Prof. Dr. Claus Bartram, Institute of Human Genetics, Dean of the Medical Faculty at the University of Heidelberg
© University Hospital Heidelberg
Women carrying BRCA1 and BRCA2 mutations also have an increased risk of developing ovarian cancer. Recently, a German group of researchers discovered another gene (RAD51C) that increases the risk of women developing hereditary breast and ovarian cancer (Meindl et al., Nature Genetics, 18. 04. 2010) during their lifetimes. Genetic tests based on these genes are not used for treatment purposes, but rather as predictive diagnostic tests that might have severe consequences on the way a woman lives her life. Therefore, such predictive diagnostic tests must only be carried out under professional supervision. German Cancer Aid has established twelve "Centres for Familial Breast and Ovarian Cancer" in Germany which offer patients and people with a family history of breast and ovarian cancer the possibility to take part in comprehensive consultations on the probability of developing these cancers, the informative value of diagnostic tests, clinical consequences and psychological problems. The Heidelberg-based Centre for Familial Breast and Ovarian Cancer involves the Heidelberg-based Women's Hospital, the Psychosomatic Hospital and the Division of Molecular Diagnostics in Familiar Cancers of the Institute of Human Genetics (Director: Prof. Dr. Claus Bartram)
Causal relationship between genotype and phenotype
The “Zukunftsreport Individualisierte Medicine und Gesundheitssystem” (Report on Future Individualised Medicine and the Health System) published by the Committee for Education, Research and Technology Assessment of the German Bundestag (Official Record 16/12000 of 17th Feb. 2009) states the following: Biomarkers are objective parameters that can be used for the “assessment of normal biological processes, pathological processes, pharmacological reactions to therapeutic interventions or the assessment of reactions to preventive or other treatment interventions”. Familial breast cancer genetic tests have certain restrictions because it is still difficult to predict the effect certain mutations have on the risk of developing familial breast cancer or on the clinical symptoms.

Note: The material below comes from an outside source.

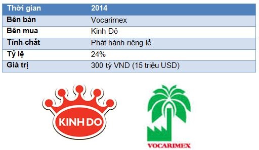 Năm 2014, thực hiện chiến lược tăng trưởng, Kinh Đô tập trung một số thương vụ đầu tư lớn có thể kể đế như mua cổ phần tại Vocarimex, đầu tư vào Phin Deli và hợp tác toàn diện với Sài Gòn Vewong.
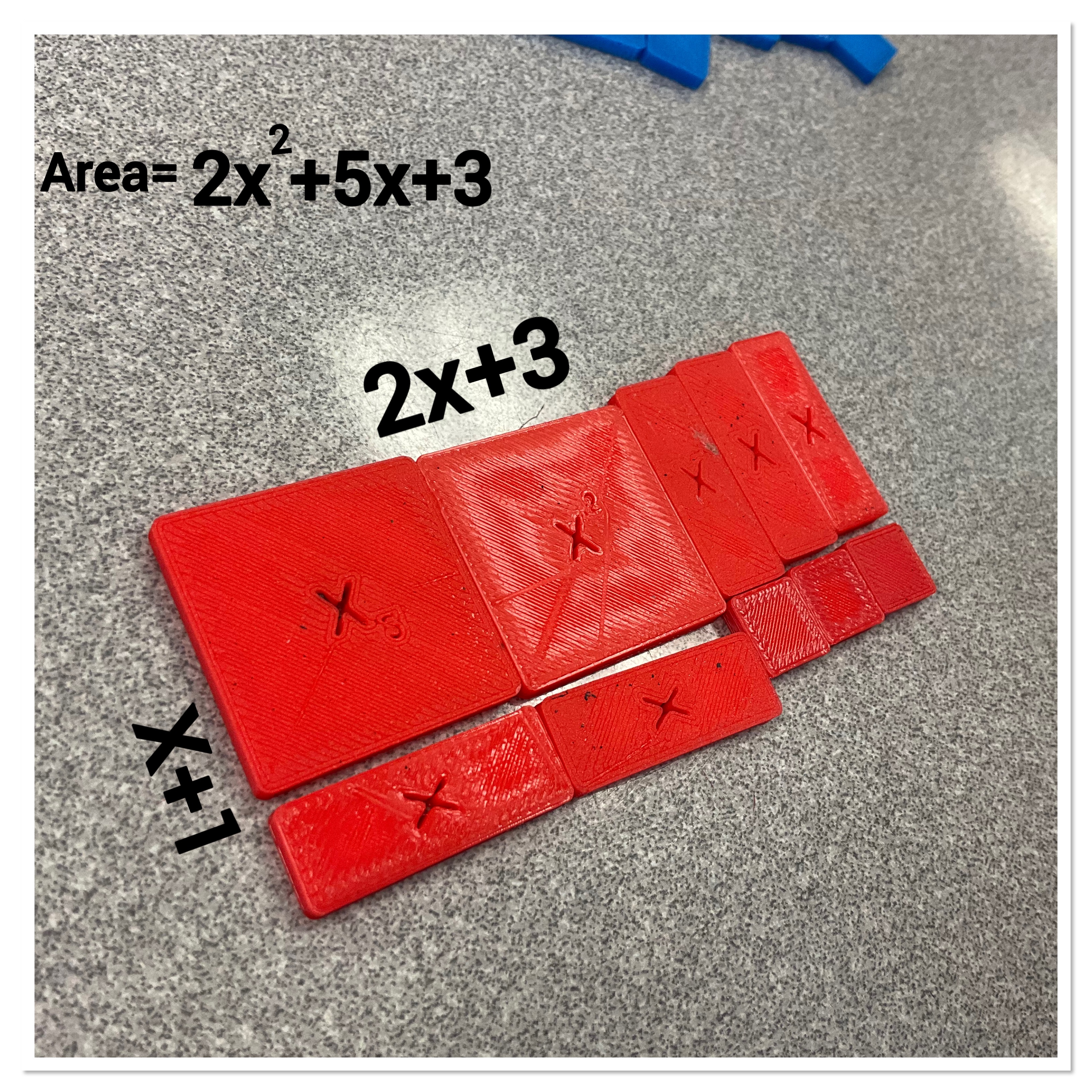 My 2D class started working on factoring and expanding today using tiles. We spent a lot of time building rectangles with tiles, and determining the dimensions and the areas. Long sides are named x, and short sides are named 1. Long sides touch long sides, and short sides touch short sides. We have to be careful about colours of tiles, remembering that (-)(-)=(+) and (+)(-)=(-).

The relationship between genotype and phenotype is a broad and largely unknown area. The chairman of the German Network of Evidence-Based Medicine, Professor Dr. David Klemperer will highlight in his welcome address to the upcoming congress in 2011: “Disease and health are the results of a unique causal mechanism involving biological, mental and social factors.” The importance of features identified by biomarkers in this causal mechanism, whether the causal factors are necessary or even adequate and whether they can offer starting points for effective interventions, still needs to be investigated.